Upon the terms and conditions set forth in the
Merger Agreement, at the Effective Time, each share of common stock, par value $0.01 per share, of Provident Bancorp outstanding immediately
prior to the Effective Time, other than certain shares held by Provident Bancorp or NB Bancorp, was converted into the right to receive,
at the election of the holder, either (i) 0.691 shares of NB Bancorp common stock (the “Stock Consideration”) or (ii) $13.00
in cash (the “Cash Consideration”), subject to proration procedures to ensure that 50% of the shares of Provident Bancorp
common stock are converted into the Stock Consideration. Holders of shares of Provident Bancorp common stock who receive shares of NB
Bancorp common stock as a result of the Merger will receive cash in lieu of fractional shares (the Stock Consideration, the Cash Consideration
and any cash in lieu of fractional shares collectively, the “Merger Consideration”).

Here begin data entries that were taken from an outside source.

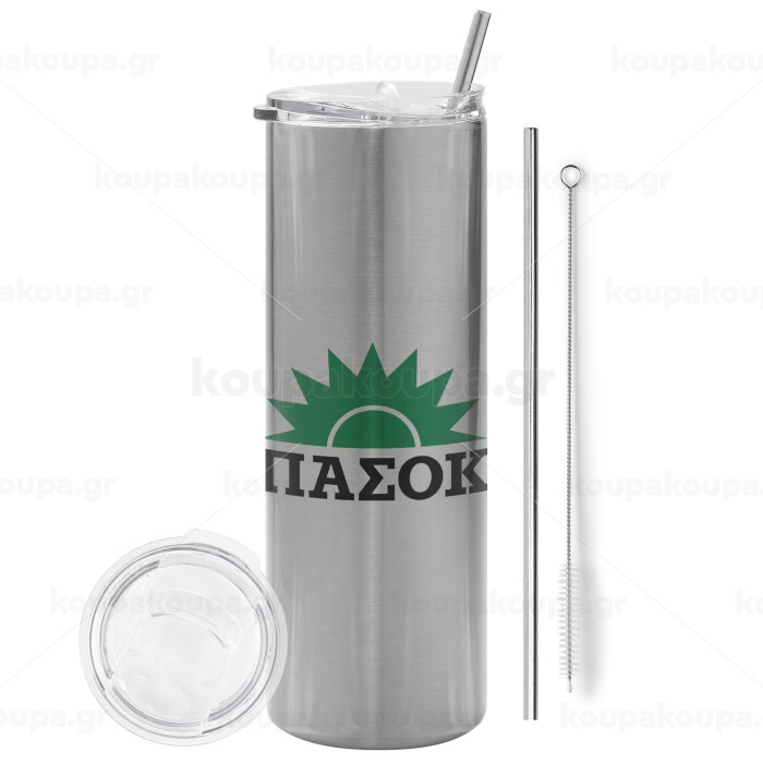 pasok, Tumbler stainless steel Silver 600ml, with metal straw & cleaning brush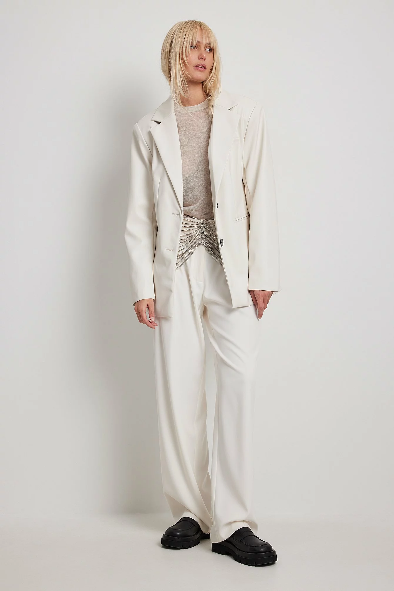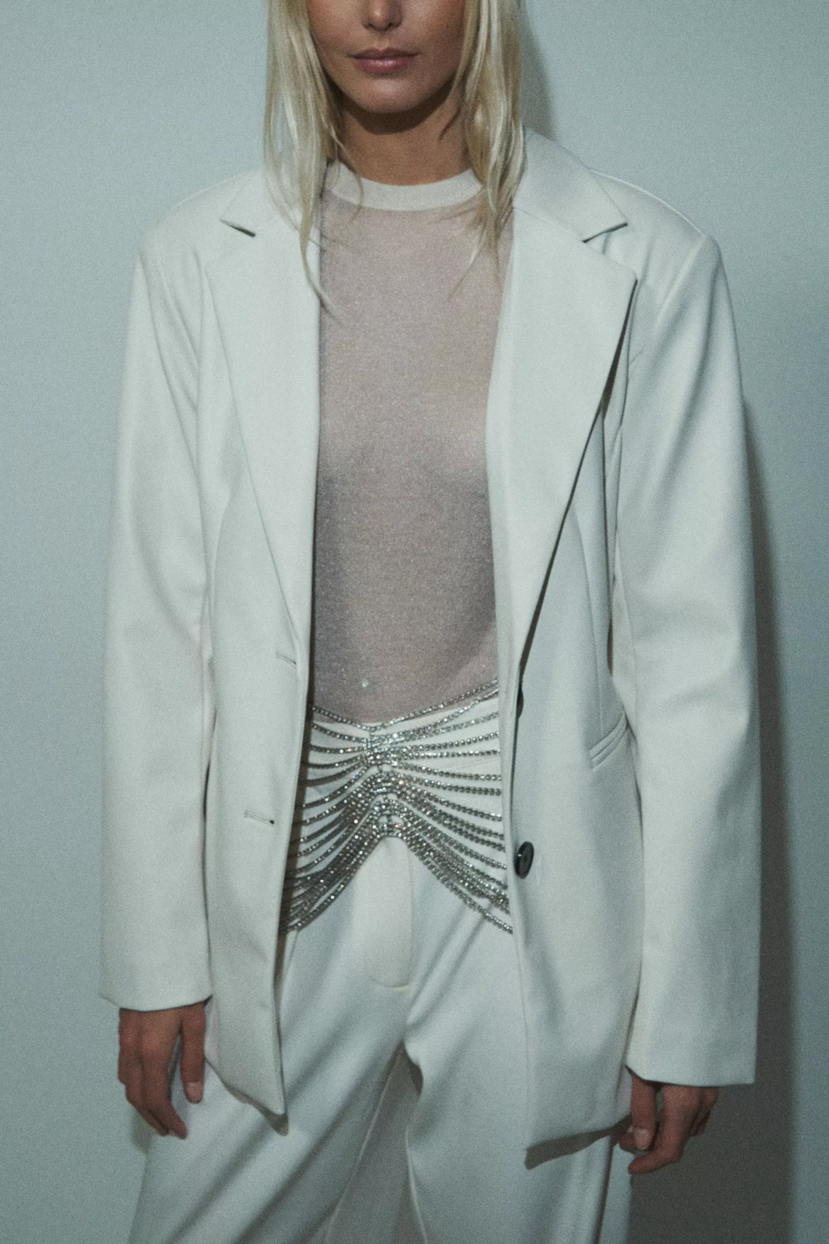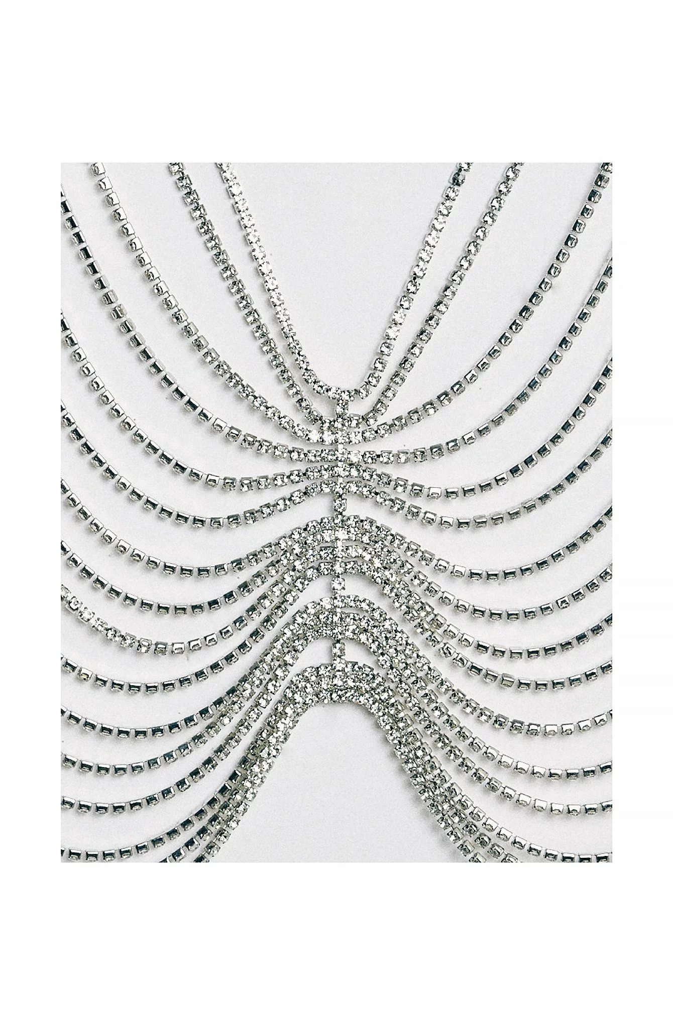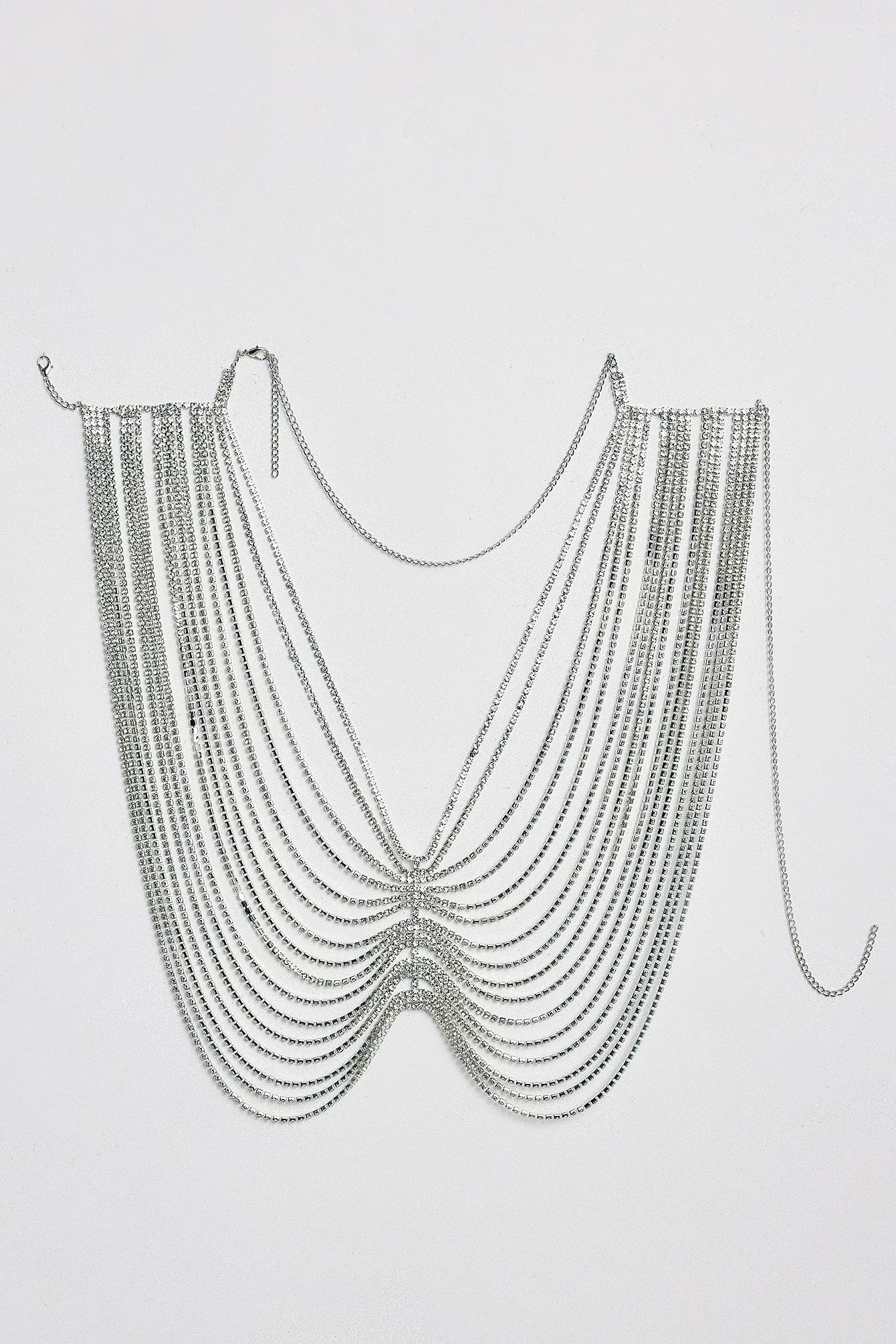 This belly chain features hanging strass along the item. It has a double clasp closure.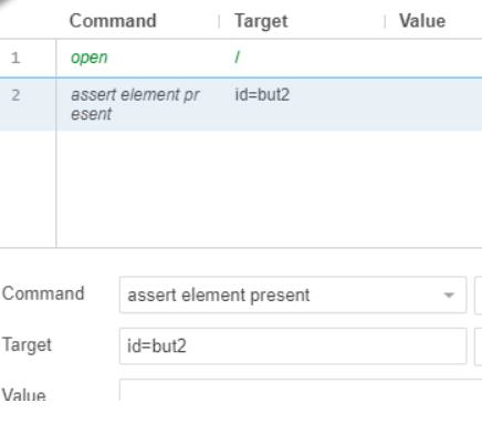 assert element present − Verifies if the element exists on the page. If assertion fails, the test terminates. It has the element locator as an argument.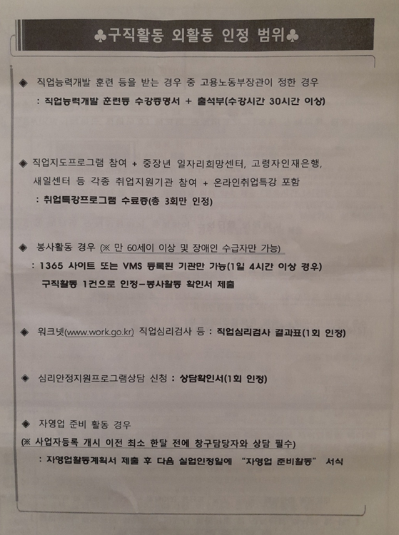 실업급여 회차수에 따라 인정가능한 구직활동 구직외활동이 달라지므로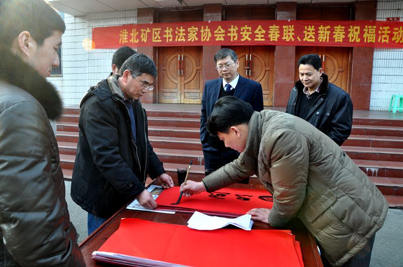 2月3日,淮北矿业工会组织矿区书法家们来到朱庄矿,为职工义务写春联。活动现场,书法家们挥毫泼墨,为职工们义务写春联,将浓浓的祝福送到矿区的千家万户。短短的时间里,地面上就铺满了一幅幅大红春联,现场到处充满了浓浓的年味。职工们纷纷表示,这样的活动很有意义,书法家们送祝福的同时,也传承了我们的中华传统文化。一幅幅苍劲有力的春联,写满了诚挚的平安祝愿和矿区职工对来年的期盼。
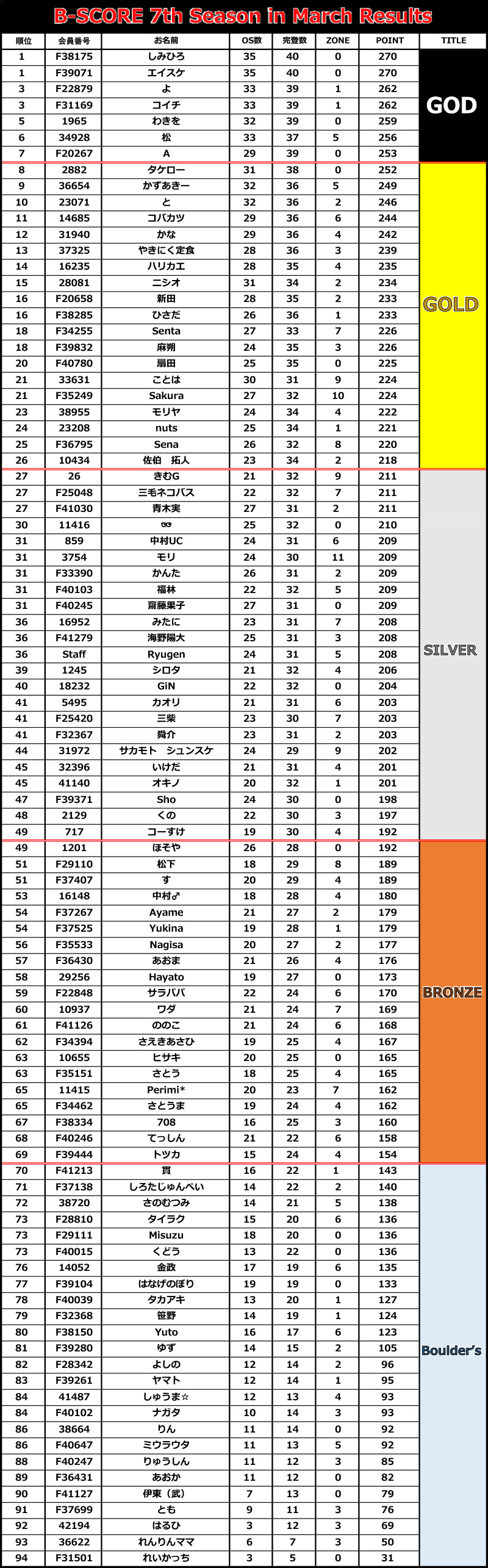 ウエストロック > イベント情報 > 未分類 > 【B-SCORE 7th SEASON】March Result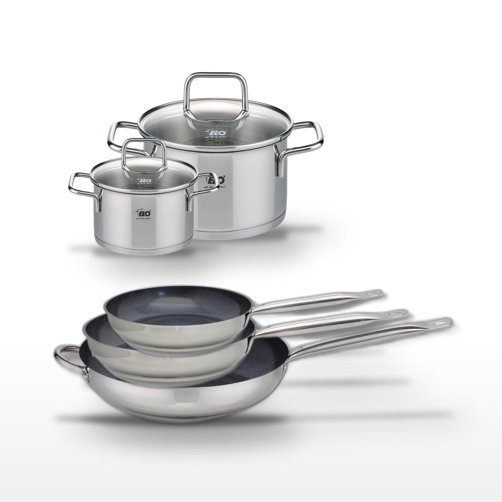 - DESCRIPTION : Cet ensemble Elo propose trois poêles céramiques sans PFAS et deux faitouts en inox, garantissant une cuisson saine et homogène.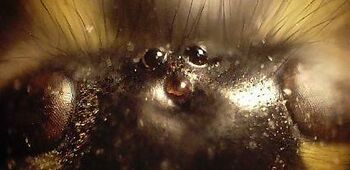 Head of a wasp with three ocelli (center), and compound eyes at the left and right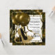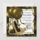 Invitaciones de fiesta de cumpleaños de mujer con zapatos de tacón alto con purpurina negros y dorados elegantes. Esta invitación de cumpleaños de mujer negra y dorada elegante se personaliza fácilmente para su fiesta o evento simplemente agregando los detalles del evento, el estilo de fuente, el tamaño y el color de la fuente y la redacción.

The foregoing description of the Transaction and
the Merger Agreement does not purport to be complete and is qualified in its entirety by reference to the full text of the Merger Agreement,
which is filed as Exhibit 2.1 to this Current Report on Form 8-K, and is incorporated herein by reference.
| Item 3.01 | Notice of
Delisting or Failure to Satisfy a Continued Listing Rule or Standard; Transfer of Listing |
As a result of the Merger,
Provident Bancorp no longer fulfills the listing requirements of the NASDAQ Capital Market
(“NASDAQ”). Provident Bancorp notified NASDAQ that trading in Provident Bancorp common stock should be suspended and the listing
of Provident common stock should be removed, in each case effective as of the Effective Time, and requested that NASDAQ file with the
U.S. Securities and Exchange Commission (the “SEC”) a notification of removal from listing and registration of Company common
stock on Form 25 to effect the delisting of all shares of Provident Bancorp common stock from NASDAQ and the deregistration of such Provident
Bancorp common stock under Section 12(b) of the Securities Exchange Act of 1934 (the “Exchange Act”). NB Bancorp, as
successor to Provident Bancorp, intends to file with the SEC a certification on Form 15 requesting the termination of the registration
of the Provident Bancorp common stock under Section 12(g) of the Exchange Act and the suspension of Provident Bancorp’s reporting
obligations under Sections 13 and 15(d) of the Exchange Act.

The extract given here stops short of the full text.